Output exactly the lines from the line that has "2023年廣西工業(yè)職" through the last line of the data below, with no pictures.
START Given entries
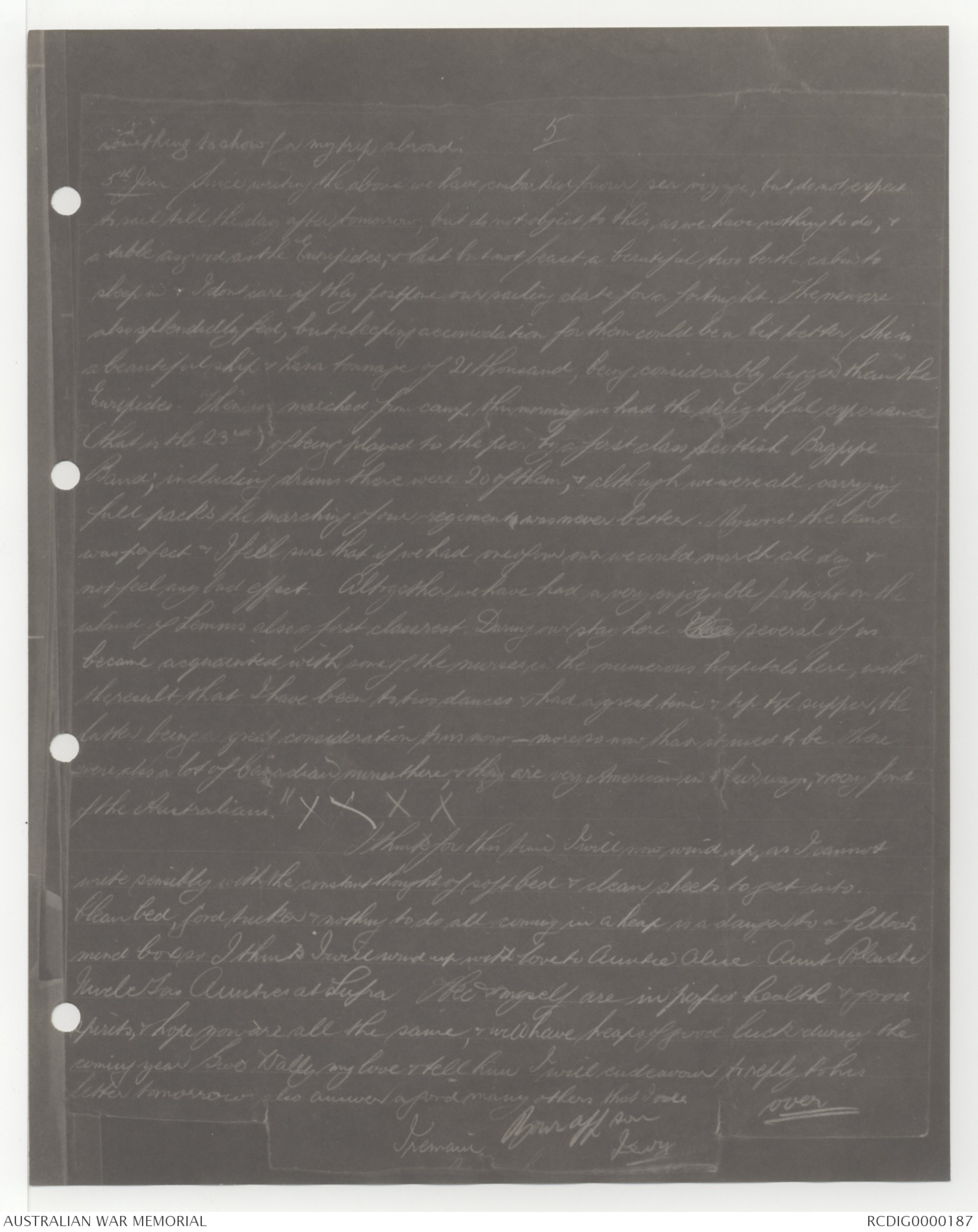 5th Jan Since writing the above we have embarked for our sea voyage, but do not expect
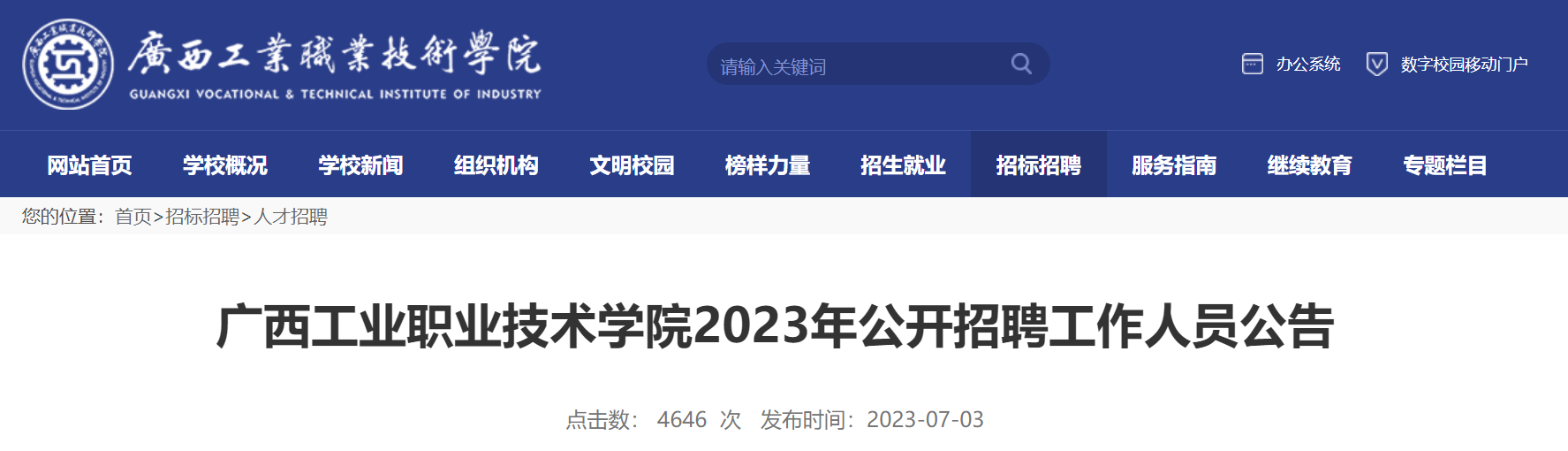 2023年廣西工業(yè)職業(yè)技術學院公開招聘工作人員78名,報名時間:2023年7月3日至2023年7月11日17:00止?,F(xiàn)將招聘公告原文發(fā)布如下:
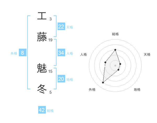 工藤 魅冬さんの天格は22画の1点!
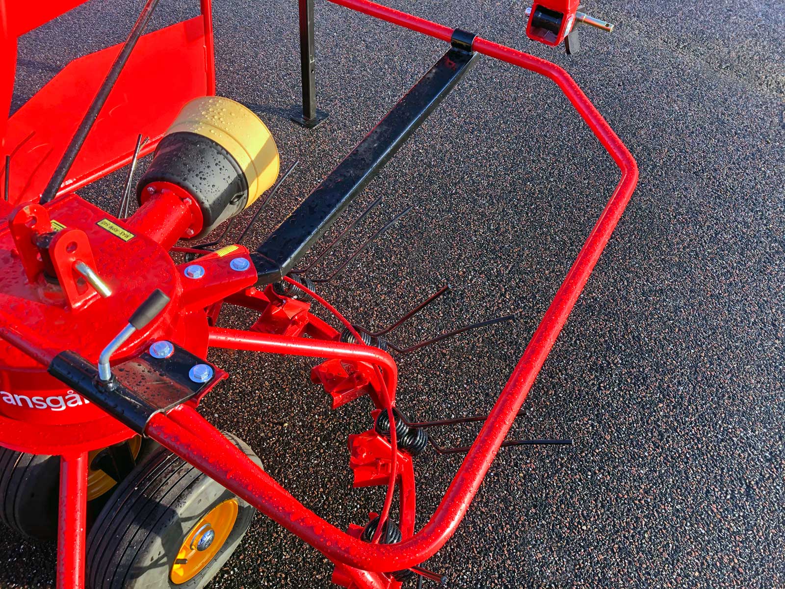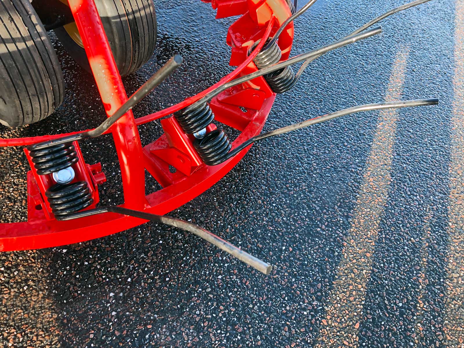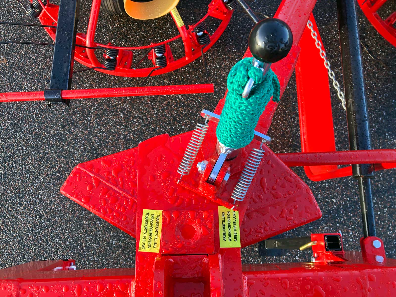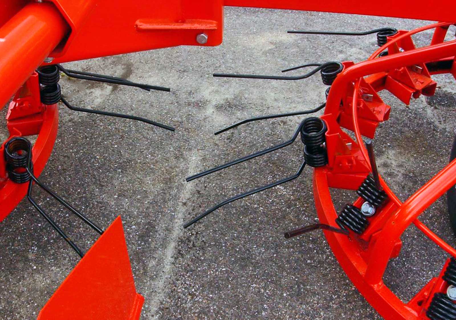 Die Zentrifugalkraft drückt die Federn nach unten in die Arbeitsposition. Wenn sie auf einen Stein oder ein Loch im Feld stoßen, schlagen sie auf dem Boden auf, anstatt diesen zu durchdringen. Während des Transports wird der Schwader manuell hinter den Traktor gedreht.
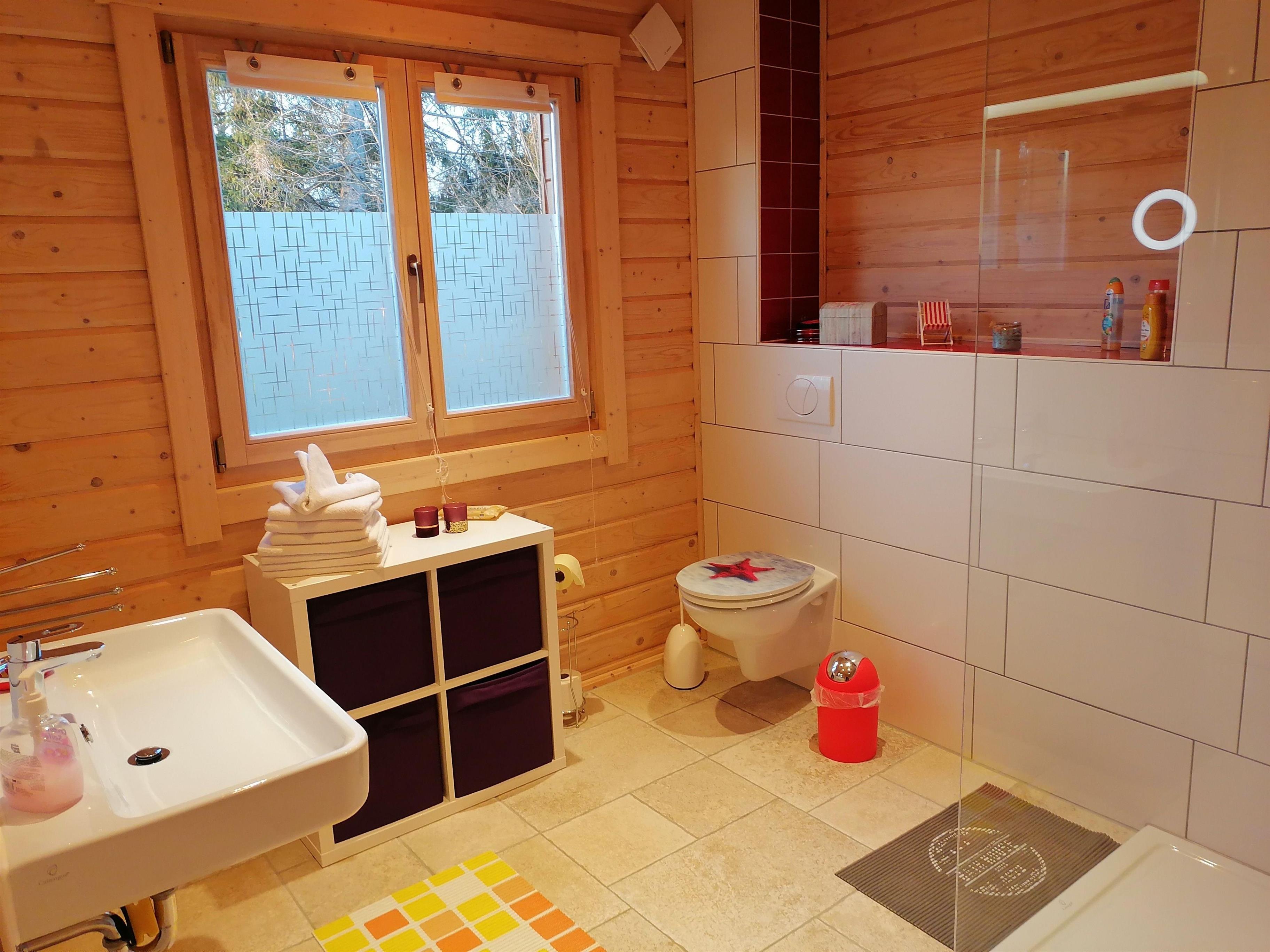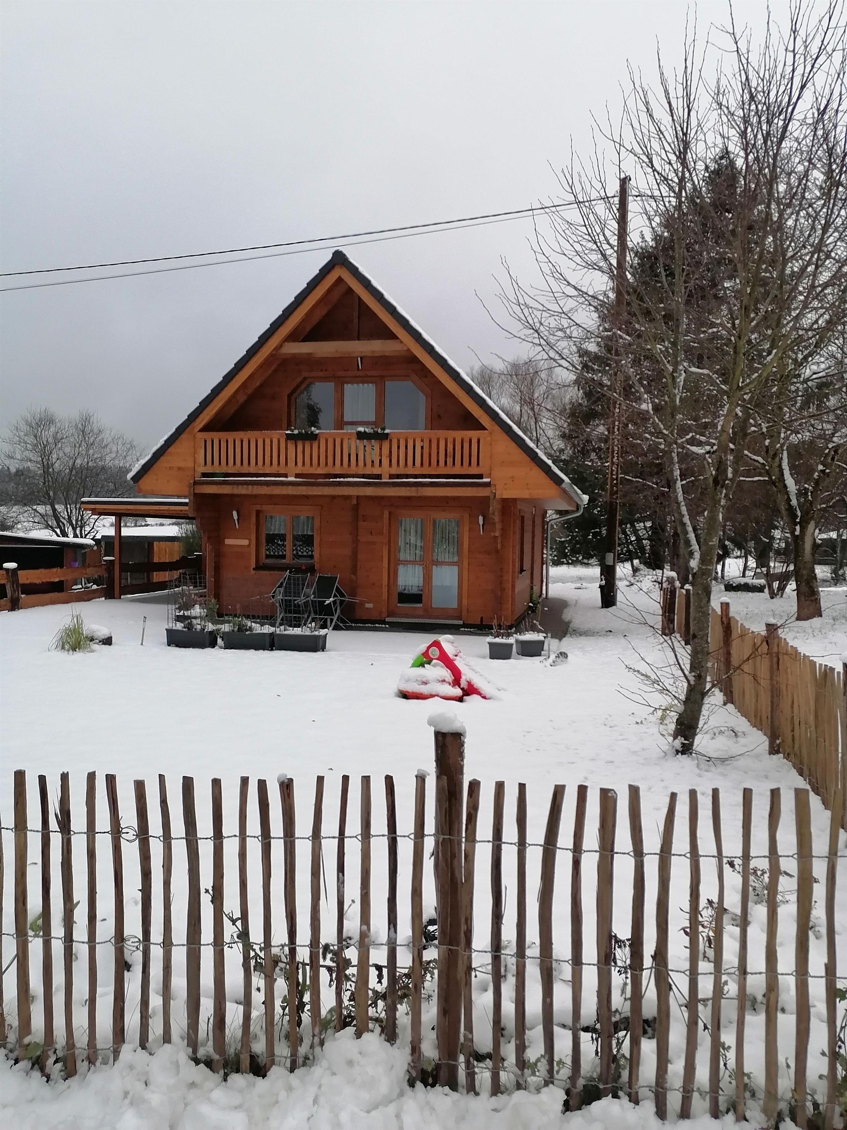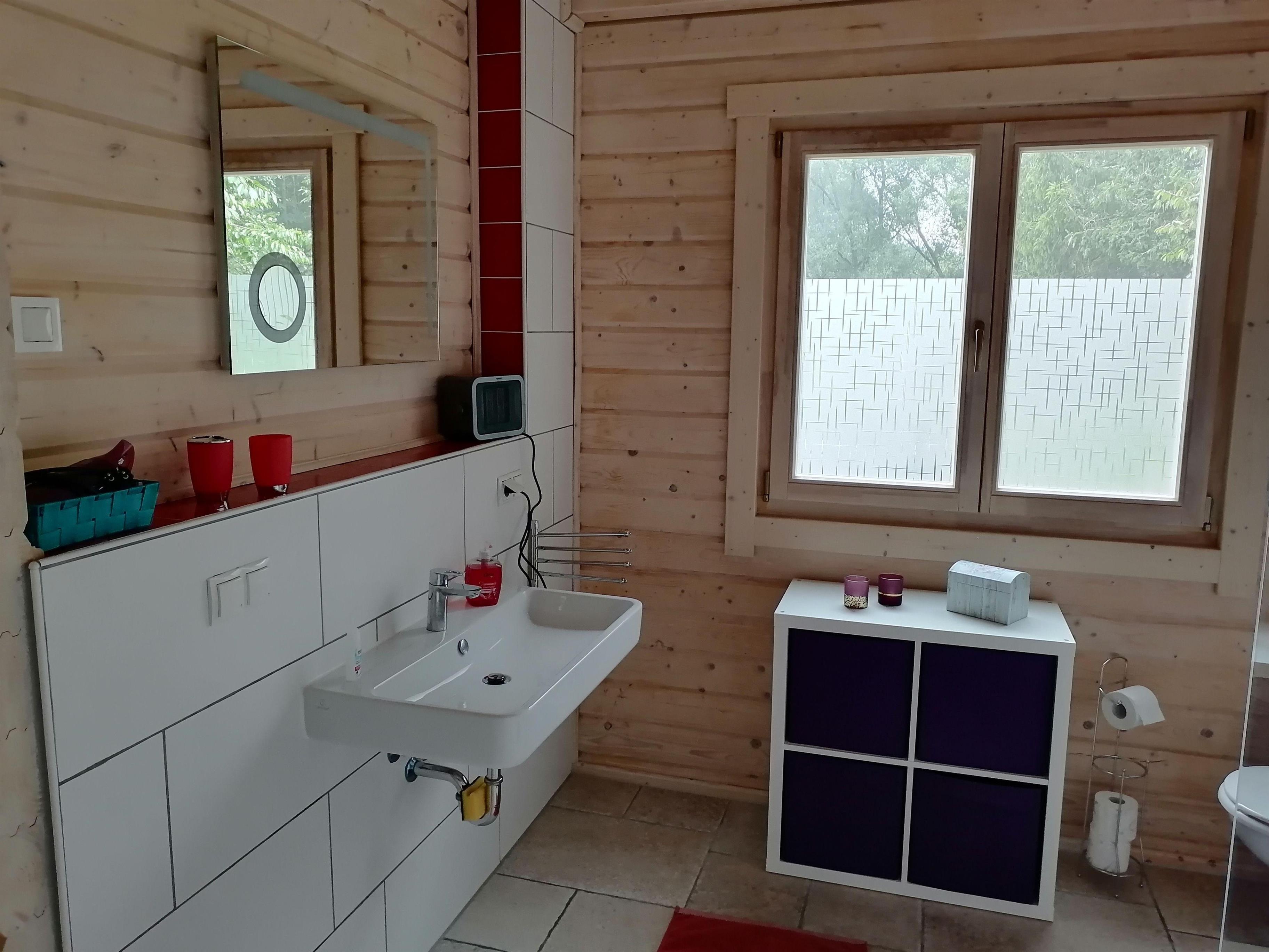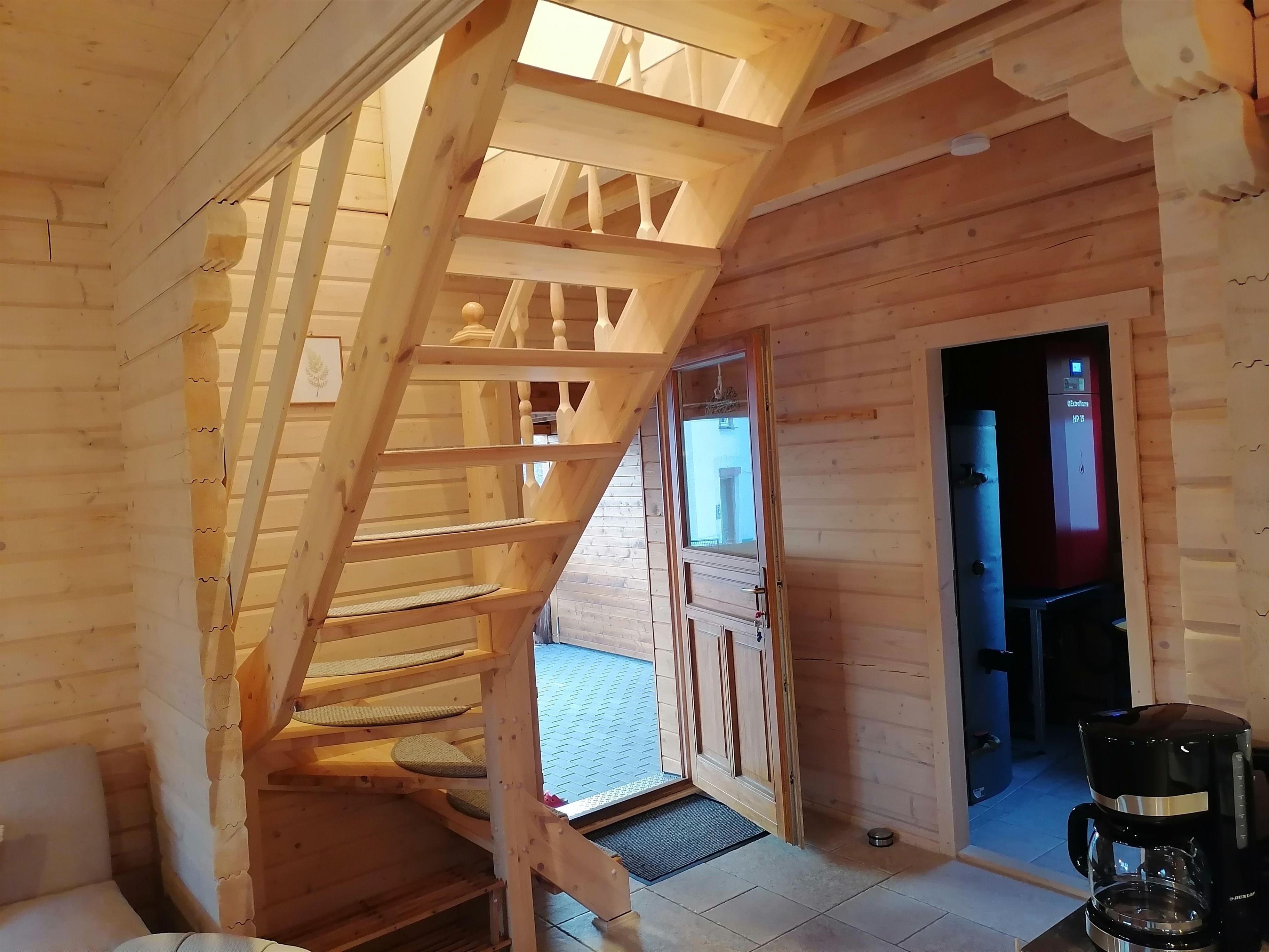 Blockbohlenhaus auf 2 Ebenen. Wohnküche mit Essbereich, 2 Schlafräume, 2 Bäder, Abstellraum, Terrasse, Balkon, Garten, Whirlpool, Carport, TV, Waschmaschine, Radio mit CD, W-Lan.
END Given entries
» **Written reply**:
 2023年廣西工業(yè)職業(yè)技術學院公開招聘工作人員78名,報名時間:2023年7月3日至2023年7月11日17:00止?,F(xiàn)將招聘公告原文發(fā)布如下:
 工藤 魅冬さんの天格は22画の1点!
 Die Zentrifugalkraft drückt die Federn nach unten in die Arbeitsposition. Wenn sie auf einen Stein oder ein Loch im Feld stoßen, schlagen sie auf dem Boden auf, anstatt diesen zu durchdringen. Während des Transports wird der Schwader manuell hinter den Traktor gedreht.
 Blockbohlenhaus auf 2 Ebenen. Wohnküche mit Essbereich, 2 Schlafräume, 2 Bäder, Abstellraum, Terrasse, Balkon, Garten, Whirlpool, Carport, TV, Waschmaschine, Radio mit CD, W-Lan.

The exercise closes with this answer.